First, it’s about one to two weeks of introduction and activation–this means prepping your body for the full training block. Then, we move on to two weeks of more specific training, but during which we still train our body to be ready to take on the “real training” that’s coming. Next, there are around six weeks of specific training. What does specific mean? Well, basically it means doing hill repeats; training specific elements of the race you’ve chosen; working on your jumps routine if you live in a flat place, or don’t have access to the hills every day; and building your core, strength and endurance for the race. 

So for example, each step you take towards race day (by doing long runs; core, strength and jumps work; intensity, speed and fartlek trainings, etc.) is part of a 12-week process. Like we talked about before, each week builds on the previous week’s training, all the way up until that good ol’ taper time. 

The taper is the moment when you can look back and see all the work that you’ve done: all those miles; early morning runs; mountain days with friends, or by yourself;  all those intensity trainings when the time went really, really slow during every repeat; those mornings or nights doing loops in your neighborhood, or running up and down the only hill around, feeling like the only person in the city spending their free time running like a hamster…the taper is your time to look back, reflect, and be proud of yourself for your whole training process. It’s all worth it. 

So. After those 12 weeks of training, you’ll finally hit the moment when it’s time to taper. During your taper, you’ll reduce your training to 70-75% of your normal volume two weeks before the race, and to about 20-40 % during race week. Sometimes, it’s even better just to rest and go for a couple of easy jogs during race week, so that you can arrive completely fresh and motivated.

Training structure? 

In the last section, I already mentioned something about how to structure your training.  In general, if we’re focusing on a 12-week training schedule, it’s best to break those weeks down into four-week blocks.
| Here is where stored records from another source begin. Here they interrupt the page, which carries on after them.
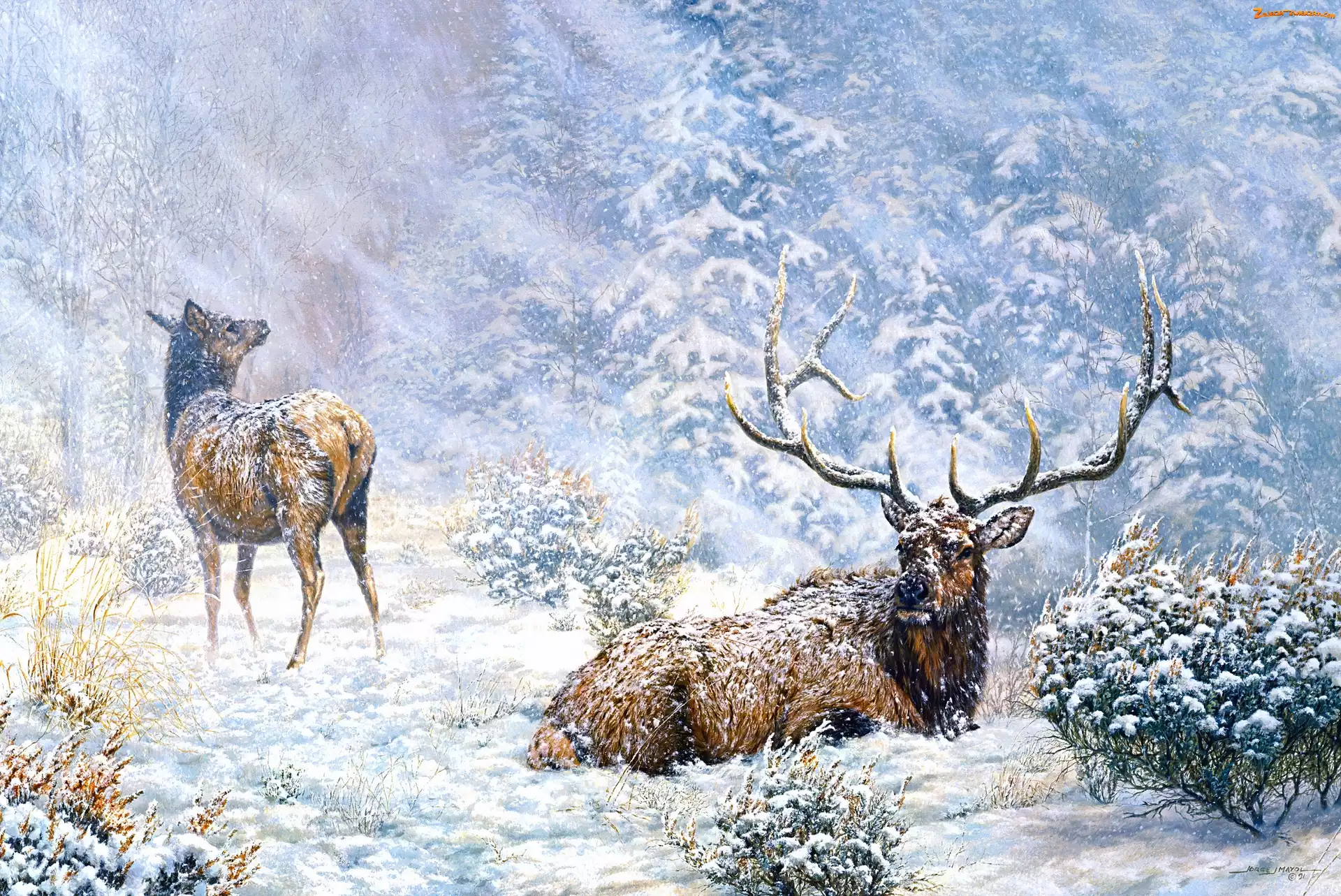 Zdjęcie: Jelenie, Las, Malarstwo, Zima, Śnieg, Jorge Mayol, Obraz, Drzewa
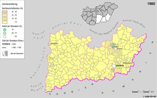 Siedlungsgebiet der Slowaken nach dem Nachbarschaftsindex für die Südliche Tiefebene 1980
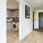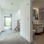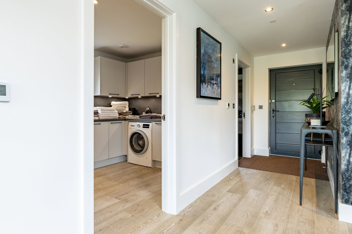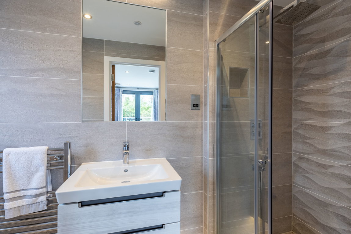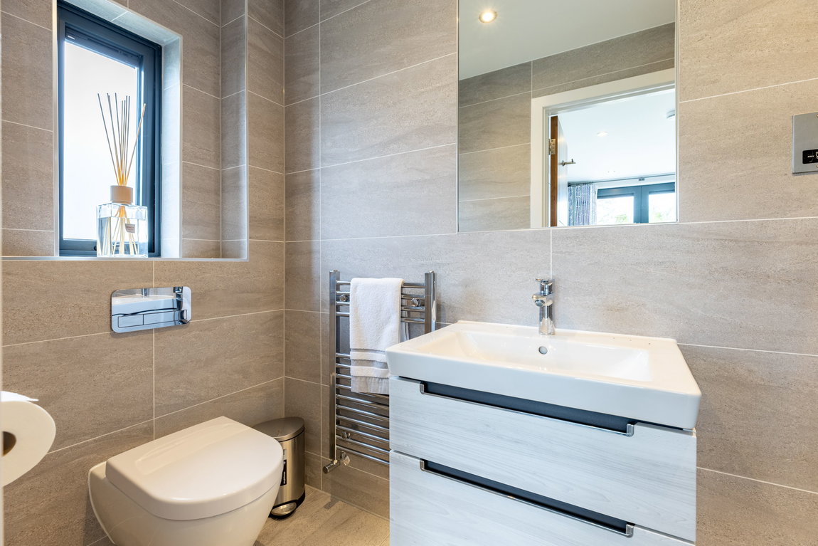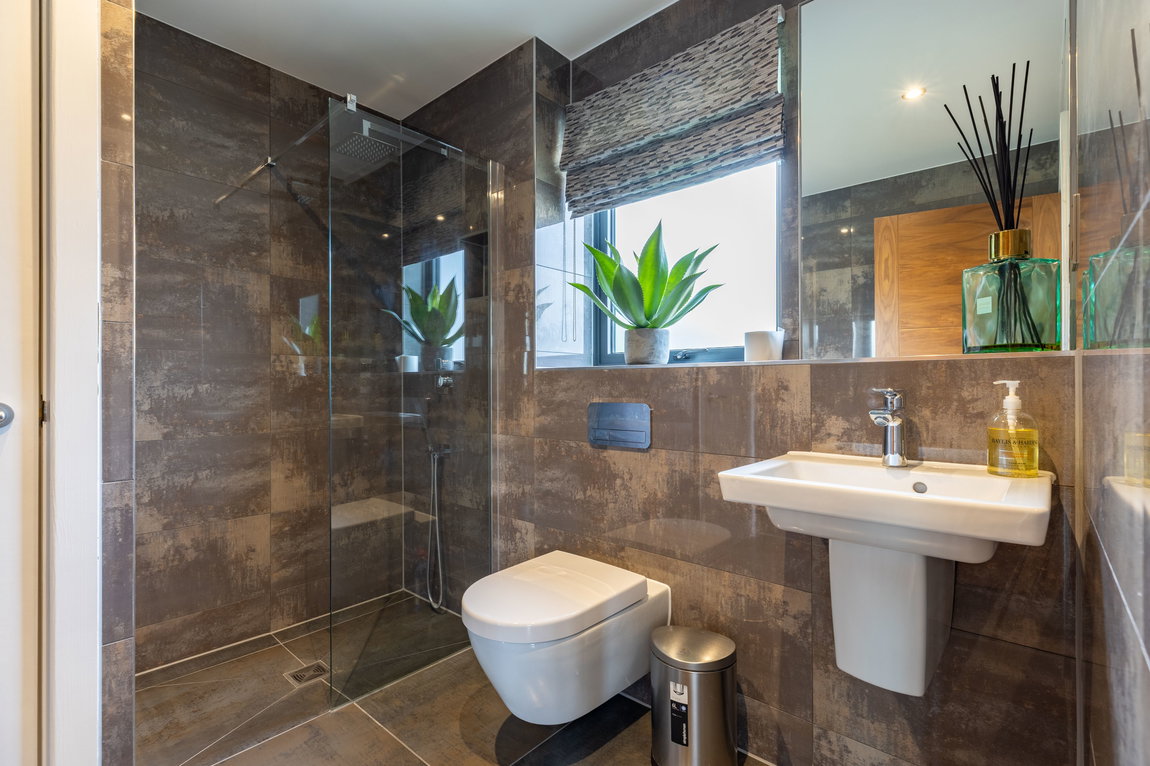 Immediately to the right of the entrance hall is a beautifully appointed shower room, finished with full tiling and contemporary wall-hung sanitaryware, offering a sleek, modern aesthetic alongside practical ease of maintenance.

Block 1: the “introduction” period. This block should last for two to four weeks. If you’ve never run on trails before, or if you’re relatively new to running, this block can be up to four to five weeks. The goal is to prepare yourself to enjoy and complete the training that’s coming ahead. This block is meant to be simple; for example, maybe you’ll run three to four times per week at an easy pace; your runs can range from 30 minutes to one hours during the week. On the weekend, your runs can be longer, but taken equally as easy.  This period shouldn’t be extreme; even going for a long hike on the weekends is good training. The important thing is to be consistent. Keep yourself moving, keep getting out even on those days when it feels hard. This consistency will set your attitude and spirit for the rest of the training process. 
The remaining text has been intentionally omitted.